■ **WHAT IS BEING ASKED**
Word for word, restate the lines of the listing below from the line with "expr: rate(node_disk_write_time_ms[1m]) /" through the line with "微博共发布43条内容,总流量", and do not include the pictures.

■ **INPUT MATERIAL**
=== Begin Enclosure ===
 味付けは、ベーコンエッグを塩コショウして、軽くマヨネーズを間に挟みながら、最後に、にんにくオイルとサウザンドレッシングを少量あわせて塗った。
=== End Enclosure ===
=== Begin Enclosure ===
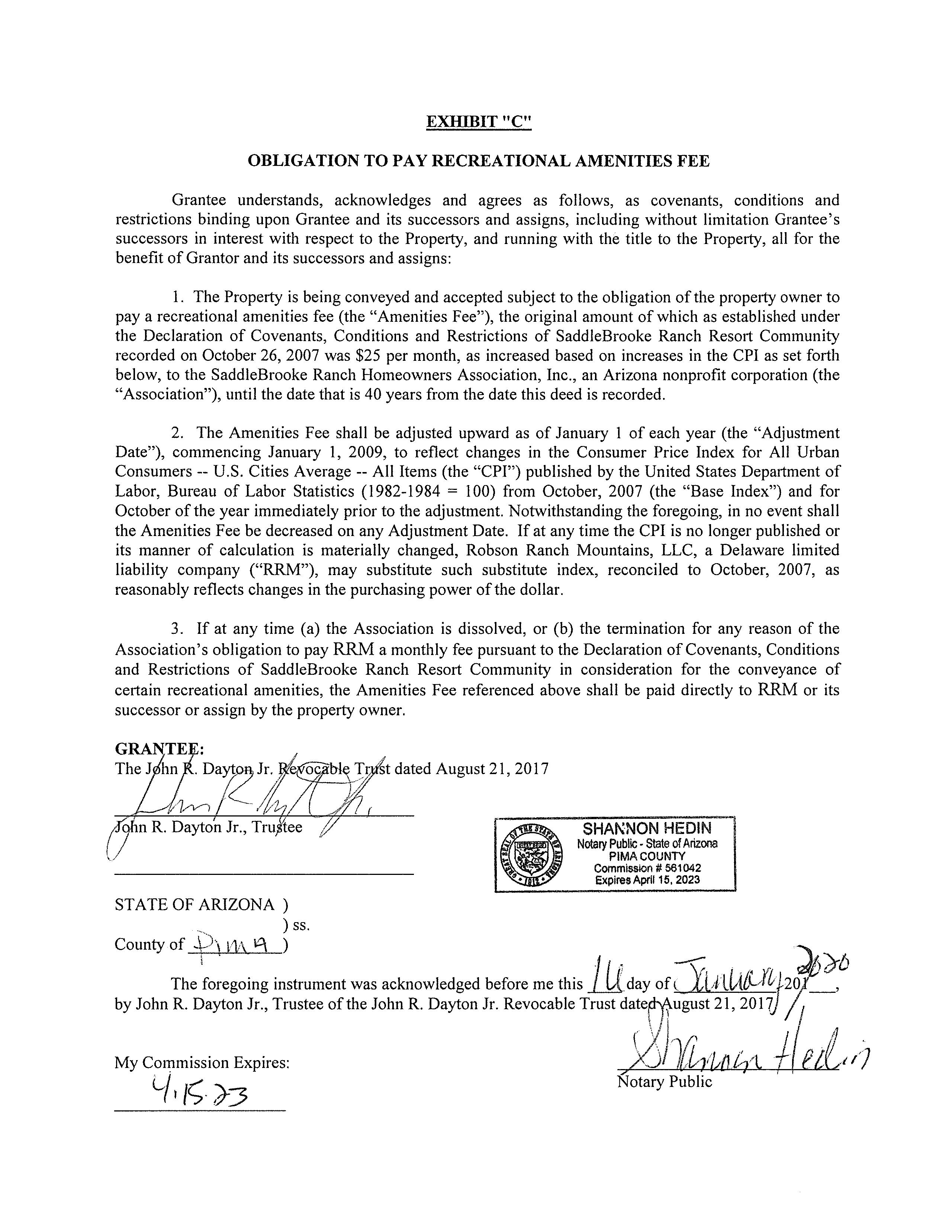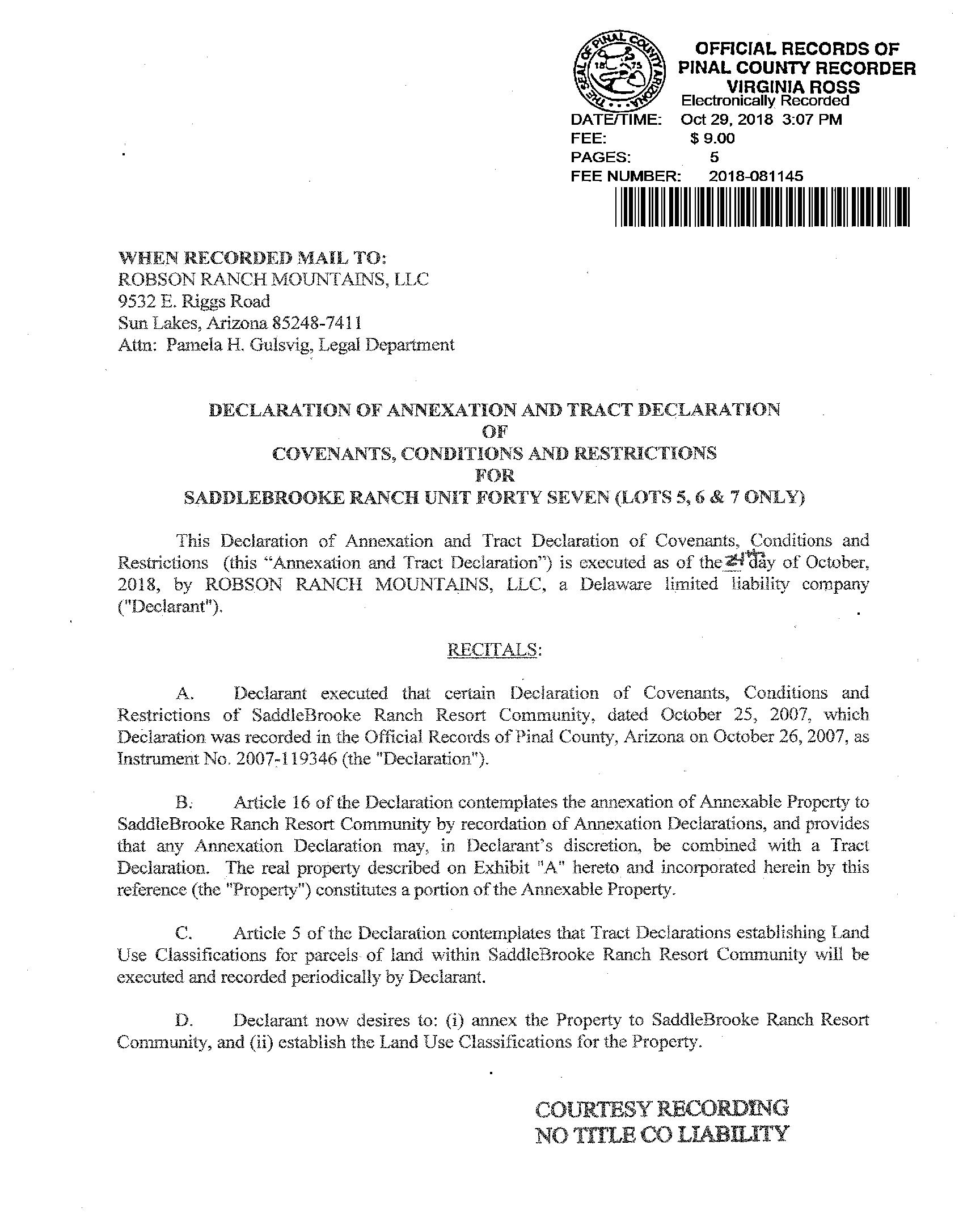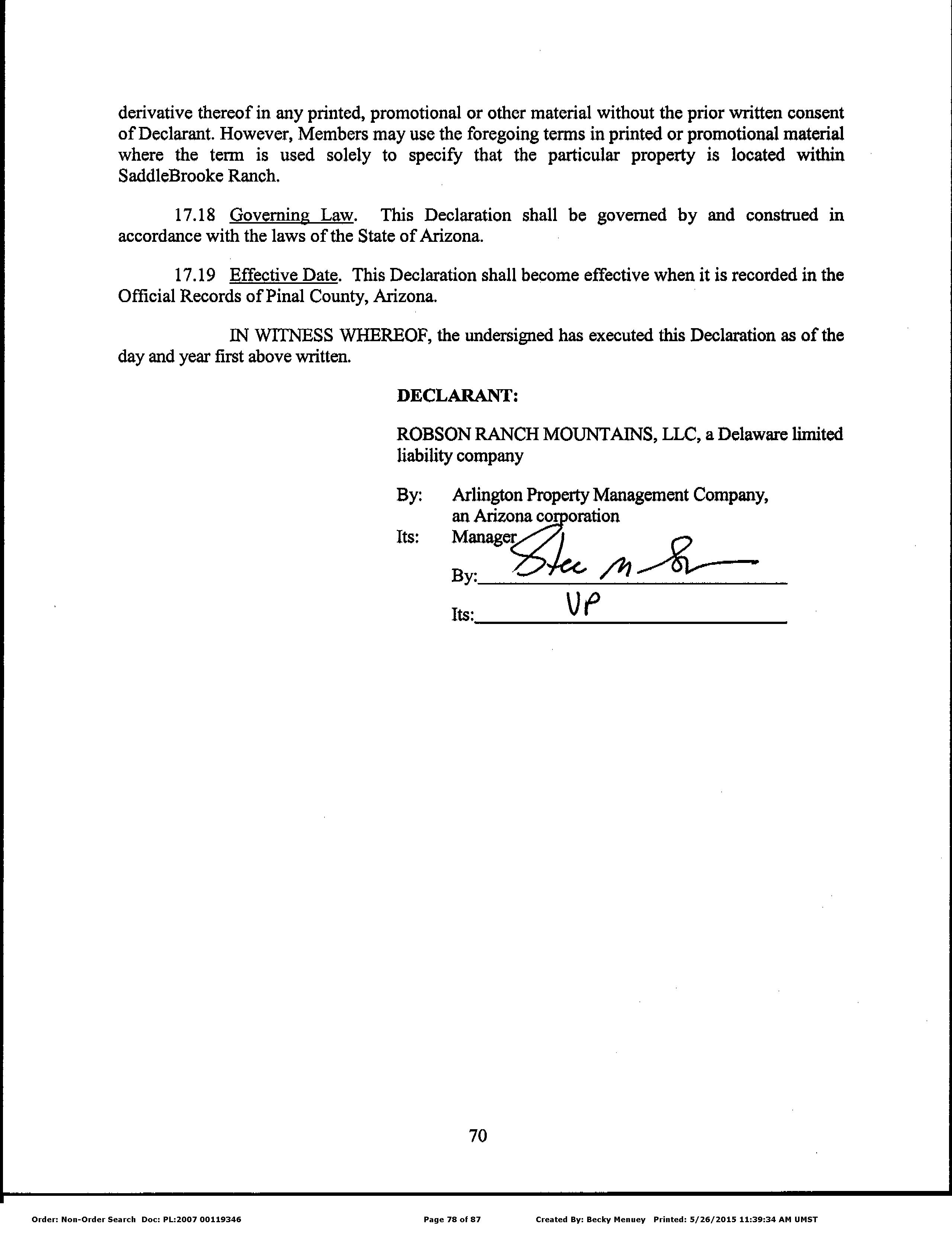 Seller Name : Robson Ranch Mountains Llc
=== End Enclosure ===
=== Begin Enclosure ===
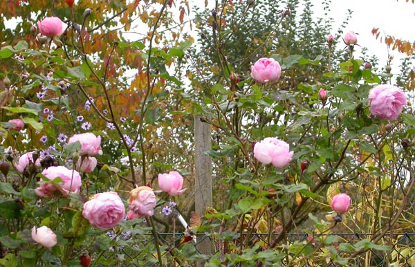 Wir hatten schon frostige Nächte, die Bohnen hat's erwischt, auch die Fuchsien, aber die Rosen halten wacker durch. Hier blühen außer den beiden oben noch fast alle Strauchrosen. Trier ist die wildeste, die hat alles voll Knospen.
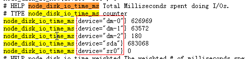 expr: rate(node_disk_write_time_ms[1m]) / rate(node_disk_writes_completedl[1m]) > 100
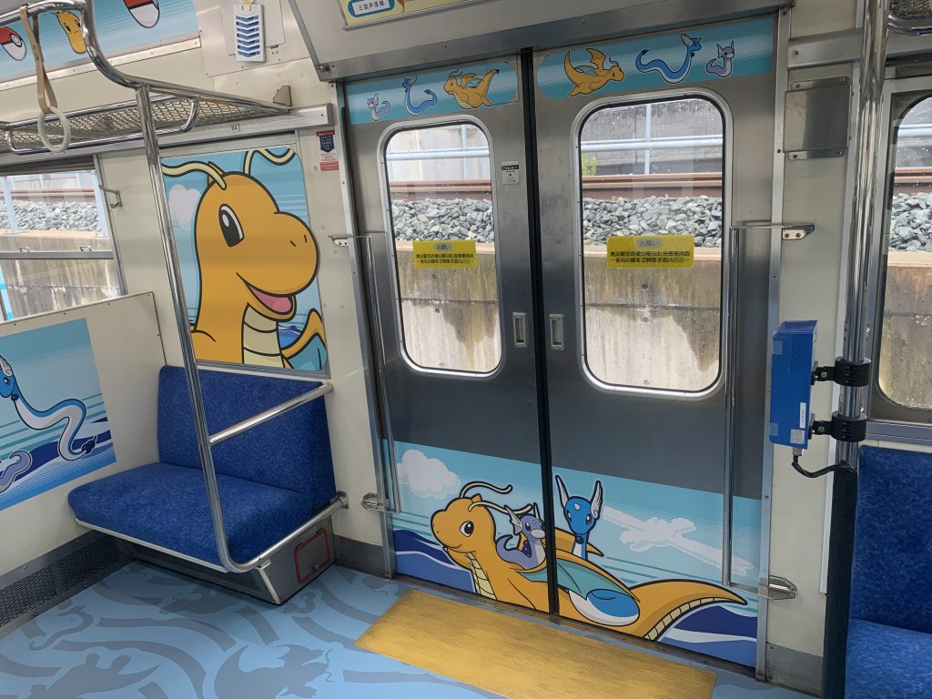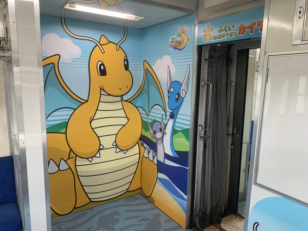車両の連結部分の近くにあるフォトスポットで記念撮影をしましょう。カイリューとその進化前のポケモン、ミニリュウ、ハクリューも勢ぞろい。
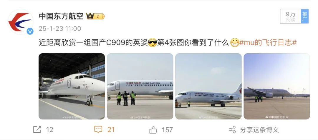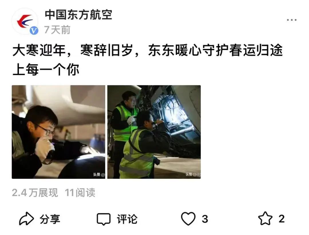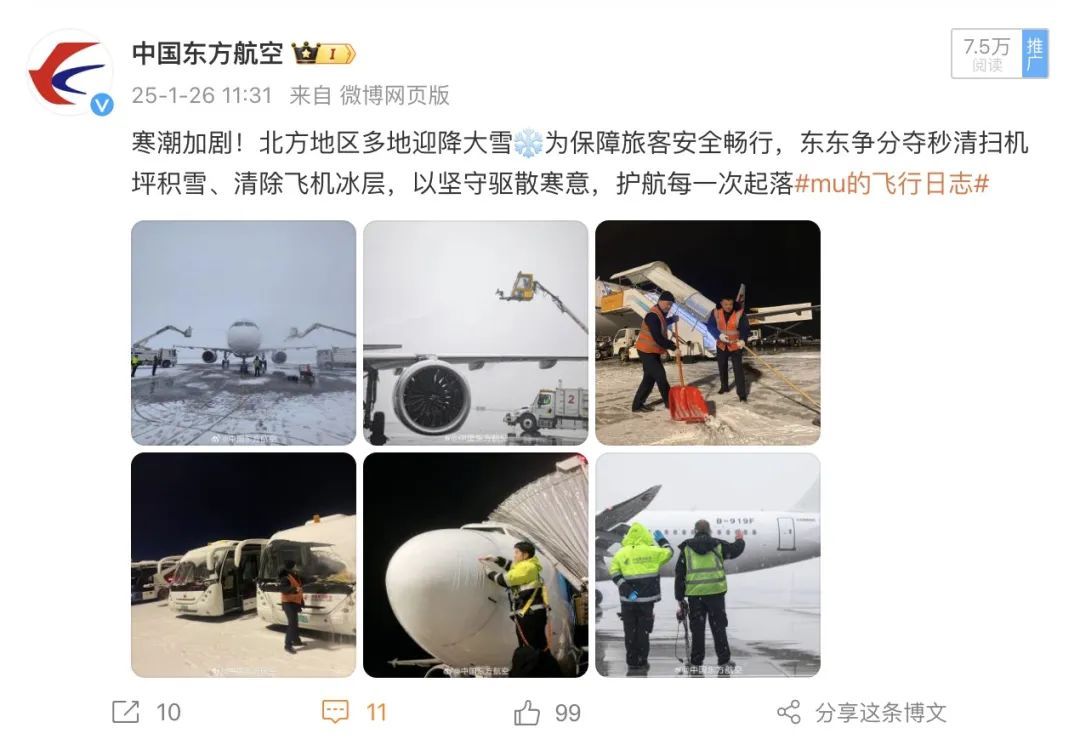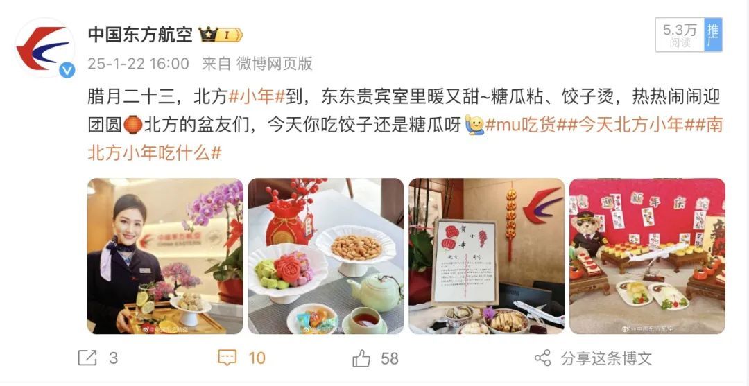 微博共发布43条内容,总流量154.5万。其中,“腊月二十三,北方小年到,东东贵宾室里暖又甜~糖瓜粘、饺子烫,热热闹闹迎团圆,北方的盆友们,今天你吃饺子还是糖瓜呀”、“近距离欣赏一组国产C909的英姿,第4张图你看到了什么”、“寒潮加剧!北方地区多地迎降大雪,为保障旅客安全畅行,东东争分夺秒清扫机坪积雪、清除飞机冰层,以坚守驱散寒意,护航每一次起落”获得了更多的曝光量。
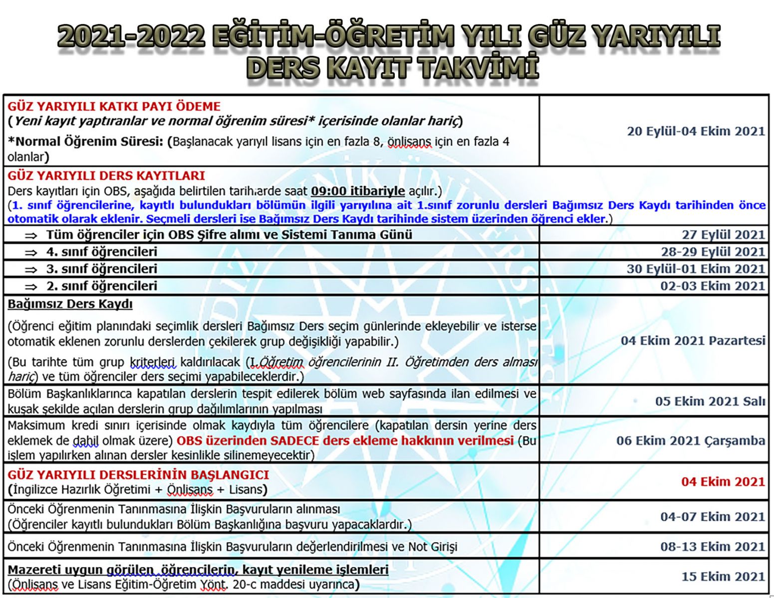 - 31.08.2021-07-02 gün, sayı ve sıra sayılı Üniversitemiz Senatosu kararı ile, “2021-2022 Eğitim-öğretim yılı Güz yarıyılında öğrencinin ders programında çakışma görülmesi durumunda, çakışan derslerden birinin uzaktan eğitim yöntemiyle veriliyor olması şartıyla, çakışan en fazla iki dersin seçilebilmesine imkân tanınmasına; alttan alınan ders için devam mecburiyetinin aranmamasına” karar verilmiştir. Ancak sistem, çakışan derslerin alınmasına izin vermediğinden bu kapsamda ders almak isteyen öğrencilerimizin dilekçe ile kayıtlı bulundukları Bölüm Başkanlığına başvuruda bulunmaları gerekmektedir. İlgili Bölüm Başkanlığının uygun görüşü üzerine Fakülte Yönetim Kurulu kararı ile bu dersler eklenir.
=== End Enclosure ===
■ **RESULT FOR THIS EXERCISE**
 expr: rate(node_disk_write_time_ms[1m]) / rate(node_disk_writes_completedl[1m]) > 100
車両の連結部分の近くにあるフォトスポットで記念撮影をしましょう。カイリューとその進化前のポケモン、ミニリュウ、ハクリューも勢ぞろい。
 微博共发布43条内容,总流量154.5万。其中,“腊月二十三,北方小年到,东东贵宾室里暖又甜~糖瓜粘、饺子烫,热热闹闹迎团圆,北方的盆友们,今天你吃饺子还是糖瓜呀”、“近距离欣赏一组国产C909的英姿,第4张图你看到了什么”、“寒潮加剧!北方地区多地迎降大雪,为保障旅客安全畅行,东东争分夺秒清扫机坪积雪、清除飞机冰层,以坚守驱散寒意,护航每一次起落”获得了更多的曝光量。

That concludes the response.